Lift out, unaltered, the lines of the material below between the line holding "Excellent color rendering" and the line holding "- 193 vyšívacích", counting both.
*** Opening of THE DATA ***
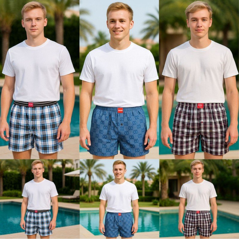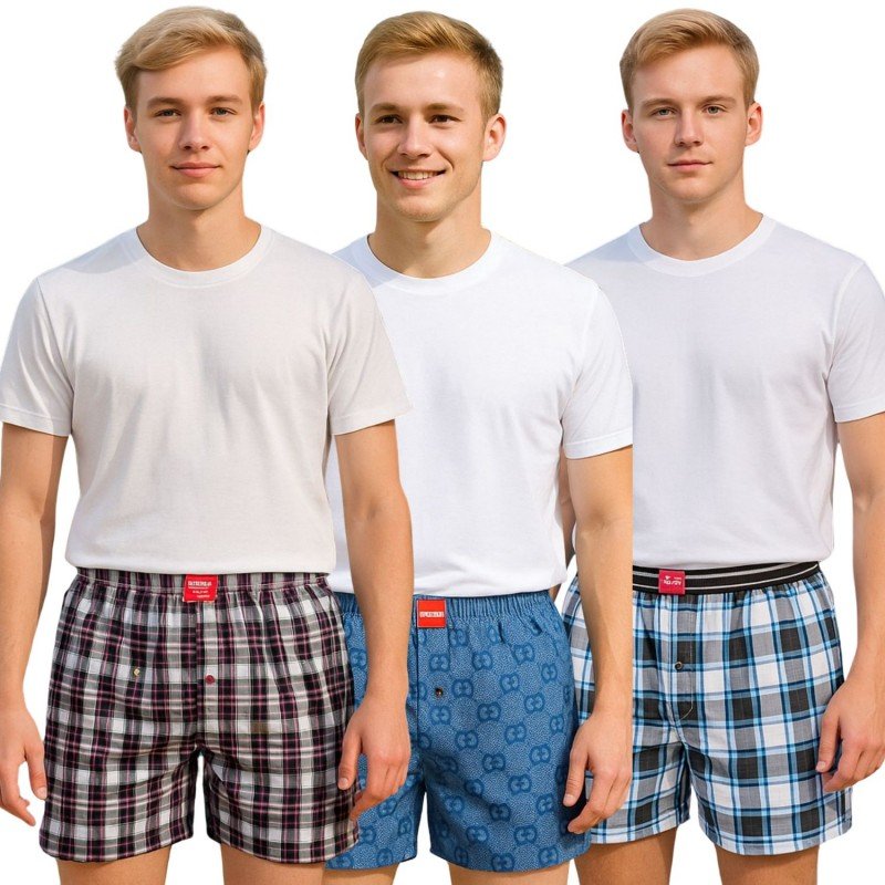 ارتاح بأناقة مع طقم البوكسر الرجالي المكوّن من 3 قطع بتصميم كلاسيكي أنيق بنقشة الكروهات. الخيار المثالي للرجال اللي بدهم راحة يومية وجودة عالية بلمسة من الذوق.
*** Close of THE DATA ***
*** Opening of THE DATA ***
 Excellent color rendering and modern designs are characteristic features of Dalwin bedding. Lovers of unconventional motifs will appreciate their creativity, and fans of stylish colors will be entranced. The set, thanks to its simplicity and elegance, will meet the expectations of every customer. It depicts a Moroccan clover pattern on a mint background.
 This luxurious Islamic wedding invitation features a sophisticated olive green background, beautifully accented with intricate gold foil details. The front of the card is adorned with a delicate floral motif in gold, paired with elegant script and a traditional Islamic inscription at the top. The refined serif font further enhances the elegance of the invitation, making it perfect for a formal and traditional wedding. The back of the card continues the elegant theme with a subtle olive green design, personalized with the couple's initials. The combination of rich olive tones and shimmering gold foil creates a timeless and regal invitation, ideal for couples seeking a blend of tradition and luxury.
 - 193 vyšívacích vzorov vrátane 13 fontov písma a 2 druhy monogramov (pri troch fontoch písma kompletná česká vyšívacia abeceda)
*** Close of THE DATA ***
*** Opening of THE DATA ***
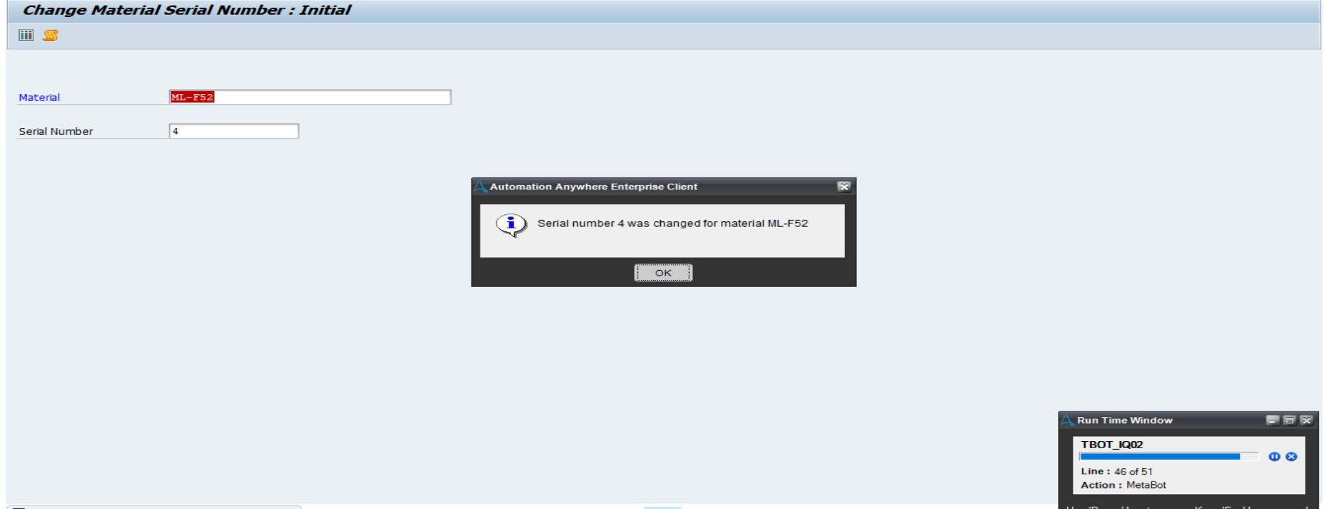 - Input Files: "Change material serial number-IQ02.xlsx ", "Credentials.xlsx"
*** Close of THE DATA ***
• ANSWER SPACE:
 Excellent color rendering and modern designs are characteristic features of Dalwin bedding. Lovers of unconventional motifs will appreciate their creativity, and fans of stylish colors will be entranced. The set, thanks to its simplicity and elegance, will meet the expectations of every customer. It depicts a Moroccan clover pattern on a mint background.
 This luxurious Islamic wedding invitation features a sophisticated olive green background, beautifully accented with intricate gold foil details. The front of the card is adorned with a delicate floral motif in gold, paired with elegant script and a traditional Islamic inscription at the top. The refined serif font further enhances the elegance of the invitation, making it perfect for a formal and traditional wedding. The back of the card continues the elegant theme with a subtle olive green design, personalized with the couple's initials. The combination of rich olive tones and shimmering gold foil creates a timeless and regal invitation, ideal for couples seeking a blend of tradition and luxury.
 - 193 vyšívacích vzorov vrátane 13 fontov písma a 2 druhy monogramov (pri troch fontoch písma kompletná česká vyšívacia abeceda)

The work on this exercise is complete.